(Provided records Opens)

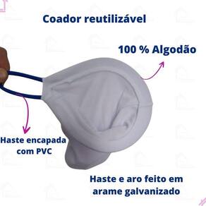 - coador reutilizável; - confeccionado em algodão 100%; - malha dupla; - haste e aro confeccionados em arame galvanizado; - comprimento do cabo: 8 centímetros padrão para todos os tamanhos - altura do coador: pp 13 cm , p 18 cm , m 22 cm , g 26 cm e gg 32 cm ; - largura do coador: pp 10 cm ; p 12 cm , m 14 cm , g 16 cm e gg 18 cm .
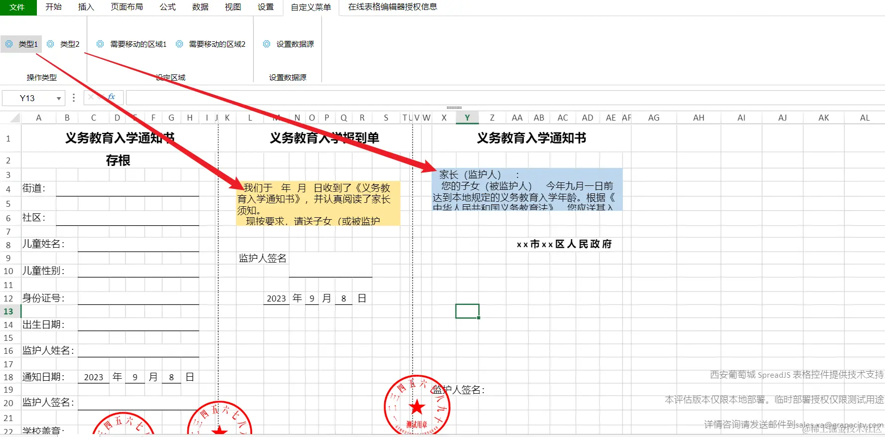 1. 部分单元格需要同时绑定多个字段,并将其组合为一段文字,比如上图中的义务教育入学报道单和义务教育入学通知书下方的两段话,它们包含了日期信息和学校名称信息。
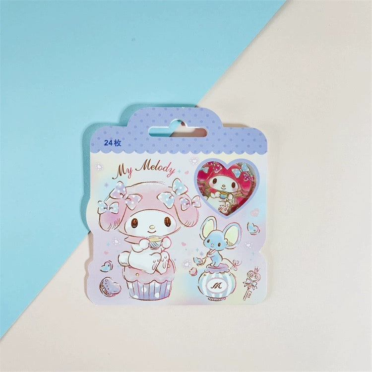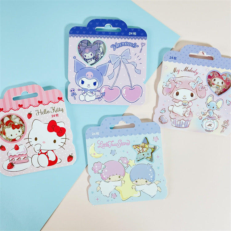 Sanrio Sweet Party Stickers Set | Hello Kitty My Melody Kuromi Little Twin Stars - Set of 24pcs
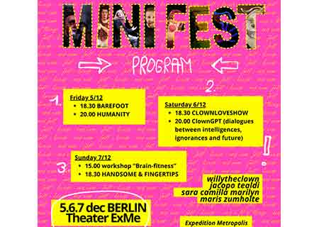 MINI FEST ist eine kleine, intensive Reise in das Universum des zeitgenössischen Clownings, in dem Körpersprache, visuelle Ausdrucksformen und Vorstellungskraft zusammenkommen, um Geschichten zu erzählen – ganz ohne Worte. Auf der Bühne wechseln sich Clowns ab: mit ihren Füßen, mit ihren Händen, durch Objekt- und Bewegungstheater – jede Vorstellung trägt ihre eigene Sensibilität und poetische Verrücktheit in sich. Aufführungen für alle Altersgruppen, die körperliches Theater, visuelle Komik und die zarte Akrobatik des Alltags verbinden – um uns zum Lachen, Staunen und manchmal sogar zum Nachdenken zu bringen.
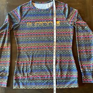 BURTON DryRide Base Layer Shirt BURTON Top *DryRide* Long Sleeve Shirt Tribal Aztec Print Base Layer Size M This cute thermal top will keep you dry and warm. Thumb holes on cuffs
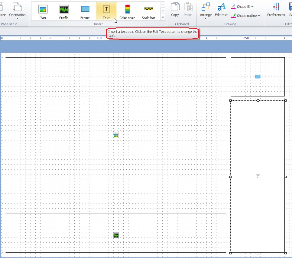 Insert - All available elements to insert in the plot are found in the Insert group. Click any of the items to start drawing. Then drag the shape to the desired location. Size and location can be changed by dragging the handles.
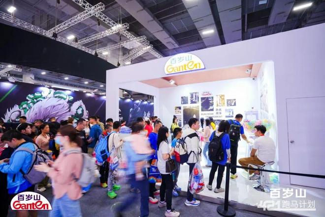马拉松博览会现场,百岁山特设品牌互动体验区。赛前跑者可在展位“故事墙”分享自己的奔跑心声,发布 话题内容,即可参与扭蛋互动,领取百岁山专属跑马周边。
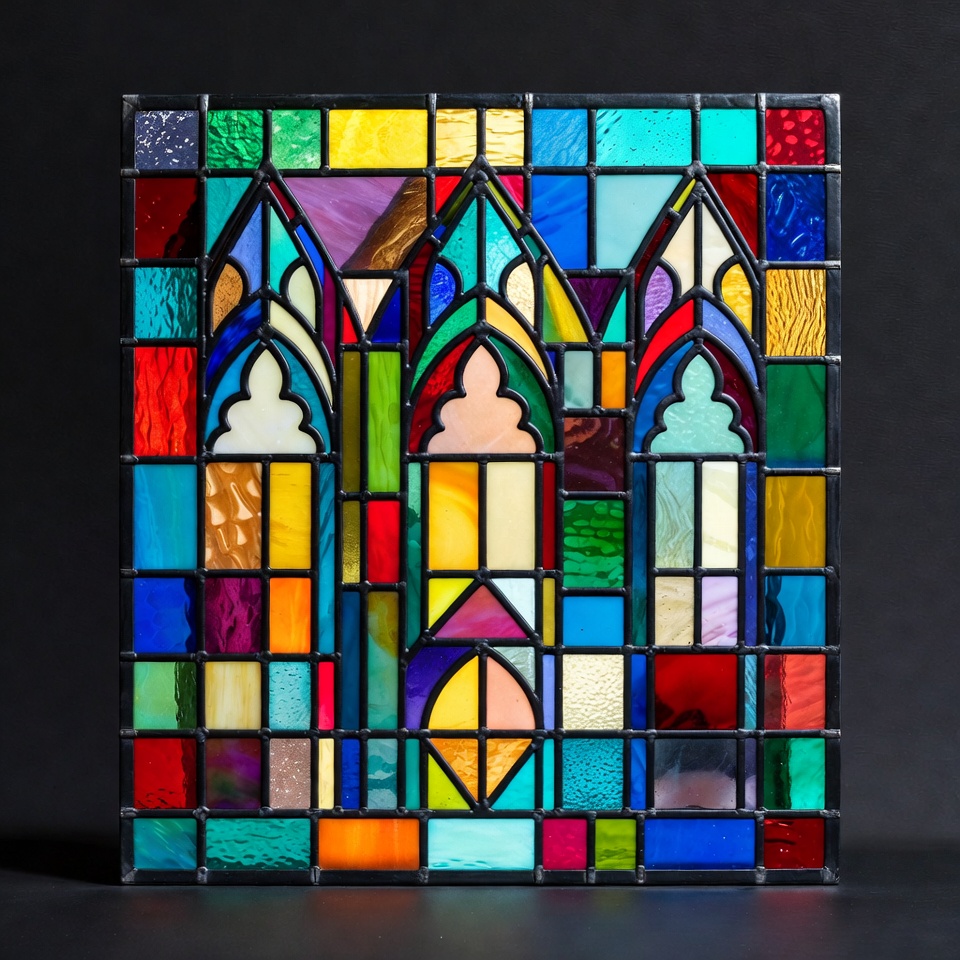 A vibrant stained glass panel features three tall Gothic arched windows in a square frame. It displays a mosaic of multicolored glass pieces in blues, reds, yellows, purples, and greens. The design is set against a solid black background.
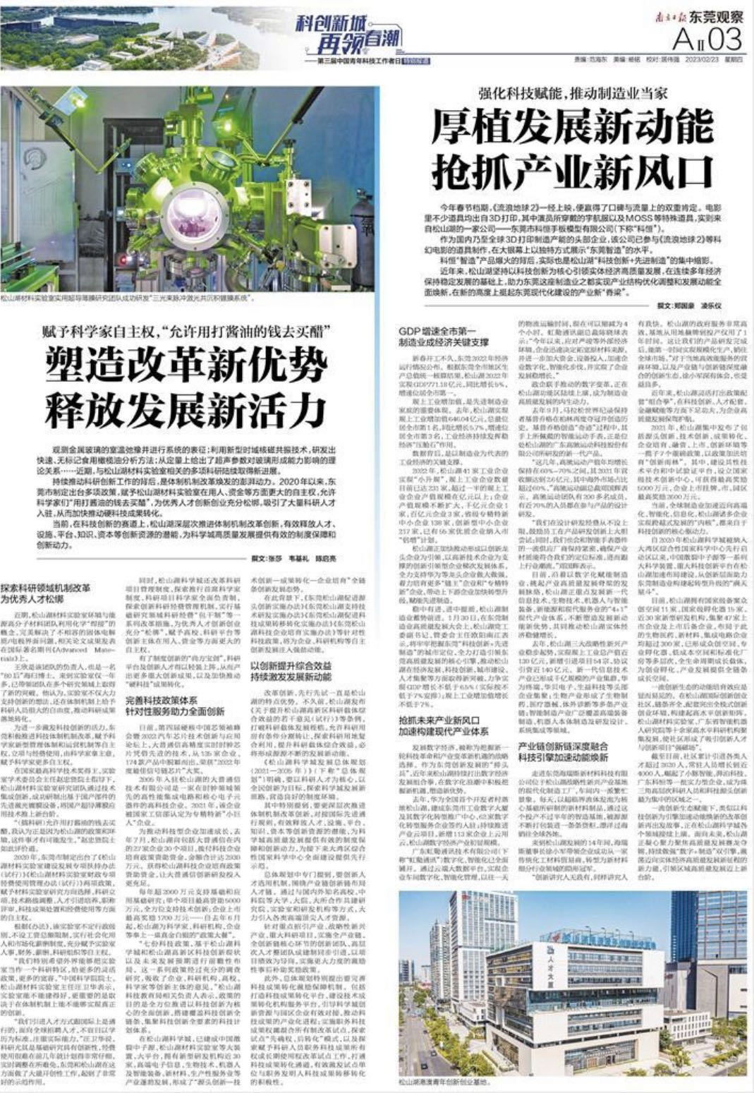 在此背景下,《东莞松山湖促进源头创新实施办法》《东莞松山湖支持技术研发实施办法》《东莞松山湖促进科技成果转移转化实施办法》《东莞松山湖科技企业培育实施办法》等针对性科技政策,将为企业、科研机构等自主创新发展注入强劲动能。
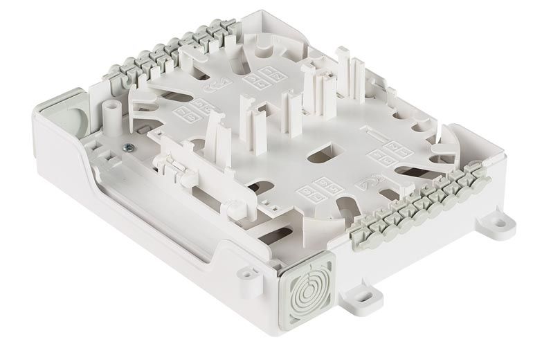 Имеют пылезащитный пластмассовый корпус со съёмной крышкой, внутри которого находится вставка со съёмной поворотной кассетой. С внутренней стороны кассеты выкладывается запас волокон и размещаются ложементы для КДЗС, а с наружной стороны находятся гнёзда для установки оптических адаптеров SC бесфланцевого типа. Съёмная откидная монтажная панель обеспечивает удобство монтажа и эксплуатации. Для ограничения доступа оснащаются винтом-секреткой.
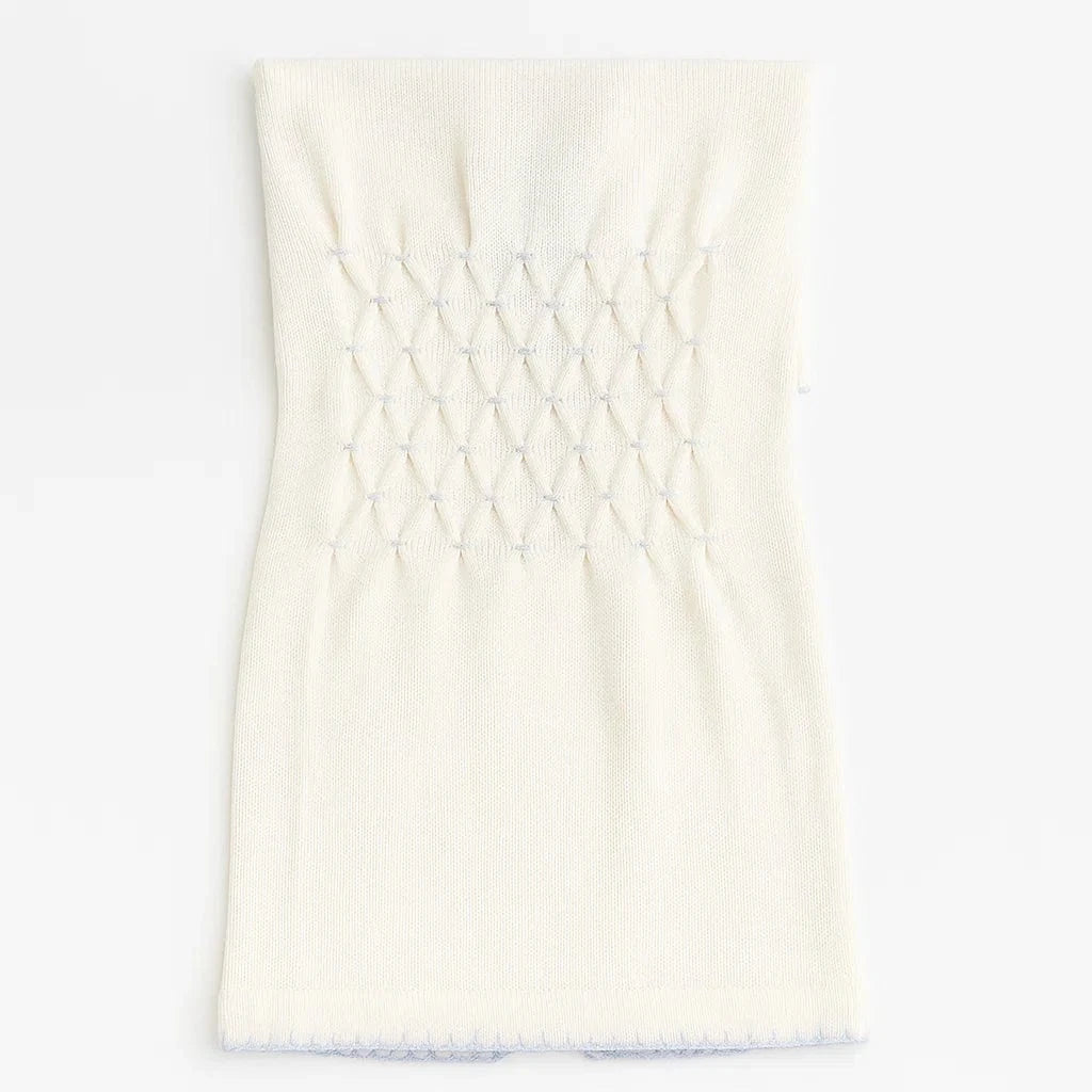 Coperta per neonato in pura lana color latte, lavorata all’uncinetto in punto smock. Rifinita con delicati nodini celesti a contrasto, è soffice, calda e perfetta per avvolgere il tuo bimbo con eleganza.

(Provided records Closes)

Directions →
Set down, in exact form, only the lines that start at the one containing "Имеют пылезащитный пластмассовый" and finish at the last line of the material; pictures do not go in.

Final answer →
 Имеют пылезащитный пластмассовый корпус со съёмной крышкой, внутри которого находится вставка со съёмной поворотной кассетой. С внутренней стороны кассеты выкладывается запас волокон и размещаются ложементы для КДЗС, а с наружной стороны находятся гнёзда для установки оптических адаптеров SC бесфланцевого типа. Съёмная откидная монтажная панель обеспечивает удобство монтажа и эксплуатации. Для ограничения доступа оснащаются винтом-секреткой.
 Coperta per neonato in pura lana color latte, lavorata all’uncinetto in punto smock. Rifinita con delicati nodini celesti a contrasto, è soffice, calda e perfetta per avvolgere il tuo bimbo con eleganza.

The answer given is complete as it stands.